• [Task to carry out]:
Your task is to return all the entries below exactly, with every picture omitted.

++++ Data excerpts

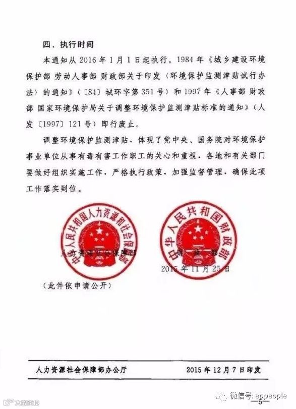 2015年11月25日,人社部和财政部联合印发了《关于调整环境保护监测津贴的通知》(人社部发[2015] 10号),对环境保护监测津贴进行调整。
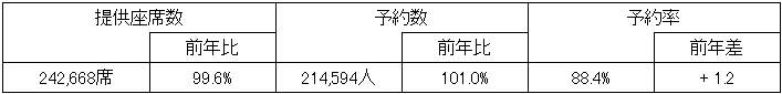 2013年度お盆期間(2013年8月9日(金)〜2013年8月18日(日))のご予約状況を取り纏めましたので、ご報告致します。 |
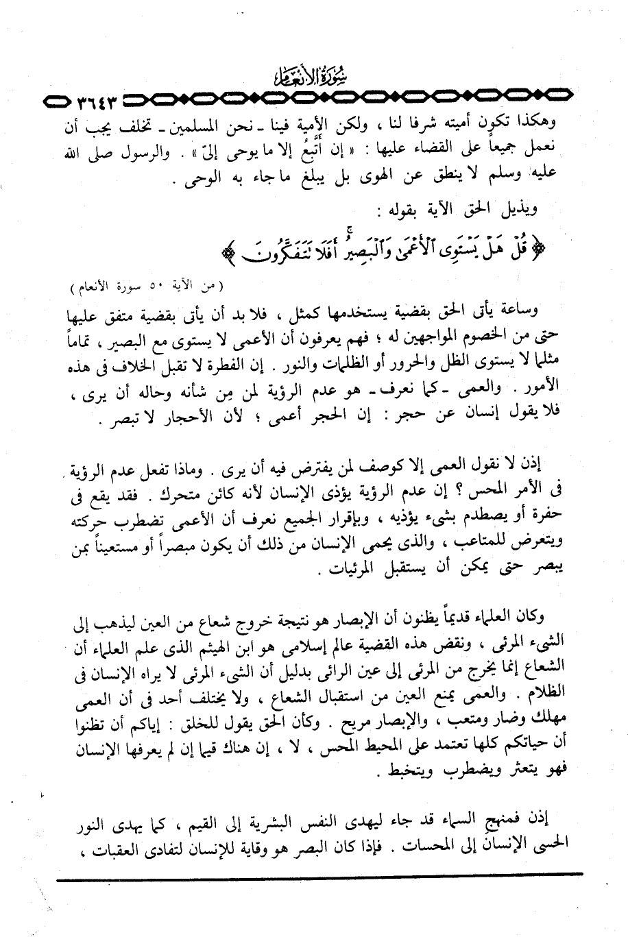وكان العلماء قديماً يظنون أن الإبصار هو نتيجة خروج شعاع من العين ليذهب إلى الشيء المرئي ونقض هذه القضية عالم إسلامي هو ابن الهيثم الذي علم العلماء أن الشعاع إنما يخرج من المرئي إلى عين الرائي بدليل أن الشيء المرئي لا يراه الإنسان في الظَّلام. والعمى يمنع العين من استقبال الشعاع، ولا يختلف أحد في أن العمى مهلك وضار ومتعب، والإبصار مريح. وكأن الحق يقول للخلق: إياكم أن تظنوا أن حياتكم كلها تعتمد على المحيط المحس، لا، إن هناك قيماً إن لم يعرفها الإنسان فهو يتعثر ويضطرب ويتخبط.
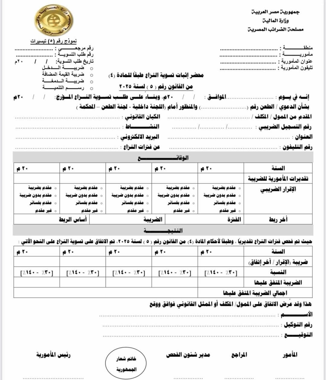 نموذج رقم (5): محضر إثبات تسوية النزاع طبقا للمادة (4) من القانون رقم (5) لعام 2025
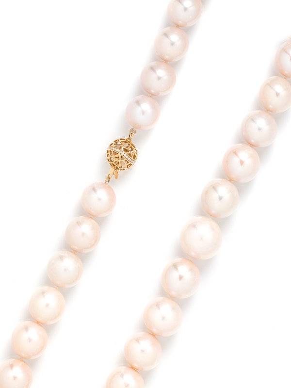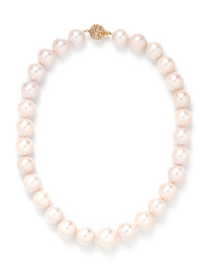 Containing graduating South Sea pearls measuring approximately 13.40-16.00 mm in diameter, strung knotted with a yellow gold and diamond clasp. 17 inches long.
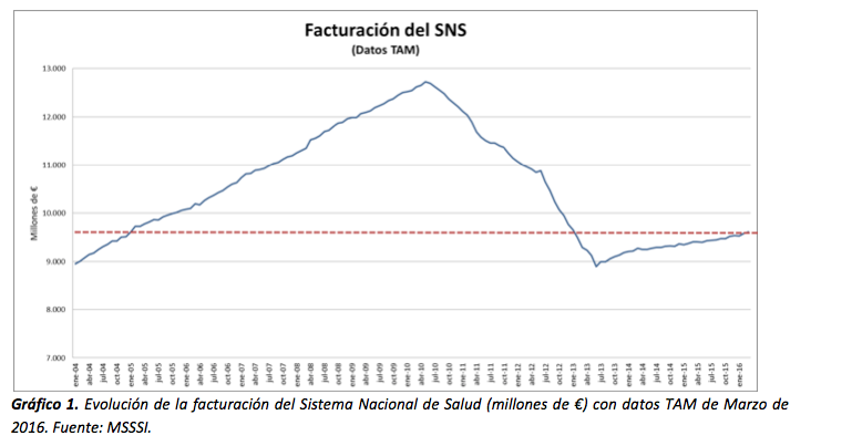Tal y como indica el gráfico anterior, se observa un crecimiento en la facturación del SNS hasta 2010, alcanzando unos valores de entre 12.500 y 12.700 millones de € a mediados de ese año. Dichos valores de facturación se ven fuertemente afectados hasta mediados de 2013 (llegando a una facturación de unos 8.900 millones de €), y parece que actualmente se estabilizan, con un valor de 9.608 millones de €, estando la facturación actual a los mismos niveles que a principios de 2005.
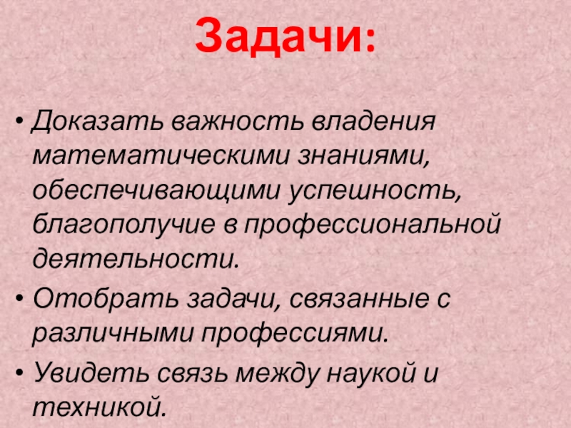 Доказать важность владения математическими знаниями, обеспечивающими успешность, благополучие в профессиональной деятельности.
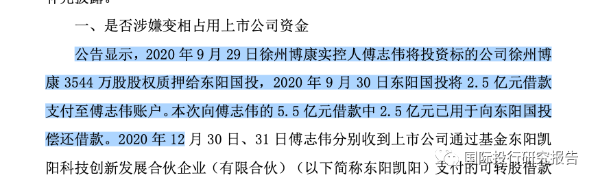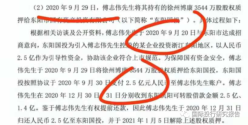 东阳市国有资产投资有限公司(以下简称“东阳国投”)通过 产业基金的形式于2020年9月30日向傅志伟先生提供的借款,系东阳国投为招商引资按照相关合作协议安排提供的借款,合作协议主要内容如下:1、借款金额:2.5亿元。2、借款利息:年化利率8%

++++++++

• [Finished task]:
 2015年11月25日,人社部和财政部联合印发了《关于调整环境保护监测津贴的通知》(人社部发[2015] 10号),对环境保护监测津贴进行调整。
 2013年度お盆期間(2013年8月9日(金)〜2013年8月18日(日))のご予約状況を取り纏めましたので、ご報告致します。 |
وكان العلماء قديماً يظنون أن الإبصار هو نتيجة خروج شعاع من العين ليذهب إلى الشيء المرئي ونقض هذه القضية عالم إسلامي هو ابن الهيثم الذي علم العلماء أن الشعاع إنما يخرج من المرئي إلى عين الرائي بدليل أن الشيء المرئي لا يراه الإنسان في الظَّلام. والعمى يمنع العين من استقبال الشعاع، ولا يختلف أحد في أن العمى مهلك وضار ومتعب، والإبصار مريح. وكأن الحق يقول للخلق: إياكم أن تظنوا أن حياتكم كلها تعتمد على المحيط المحس، لا، إن هناك قيماً إن لم يعرفها الإنسان فهو يتعثر ويضطرب ويتخبط.
 نموذج رقم (5): محضر إثبات تسوية النزاع طبقا للمادة (4) من القانون رقم (5) لعام 2025
 Containing graduating South Sea pearls measuring approximately 13.40-16.00 mm in diameter, strung knotted with a yellow gold and diamond clasp. 17 inches long.
Tal y como indica el gráfico anterior, se observa un crecimiento en la facturación del SNS hasta 2010, alcanzando unos valores de entre 12.500 y 12.700 millones de € a mediados de ese año. Dichos valores de facturación se ven fuertemente afectados hasta mediados de 2013 (llegando a una facturación de unos 8.900 millones de €), y parece que actualmente se estabilizan, con un valor de 9.608 millones de €, estando la facturación actual a los mismos niveles que a principios de 2005.
 Доказать важность владения математическими знаниями, обеспечивающими успешность, благополучие в профессиональной деятельности.
 东阳市国有资产投资有限公司(以下简称“东阳国投”)通过 产业基金的形式于2020年9月30日向傅志伟先生提供的借款,系东阳国投为招商引资按照相关合作协议安排提供的借款,合作协议主要内容如下:1、借款金额:2.5亿元。2、借款利息:年化利率8%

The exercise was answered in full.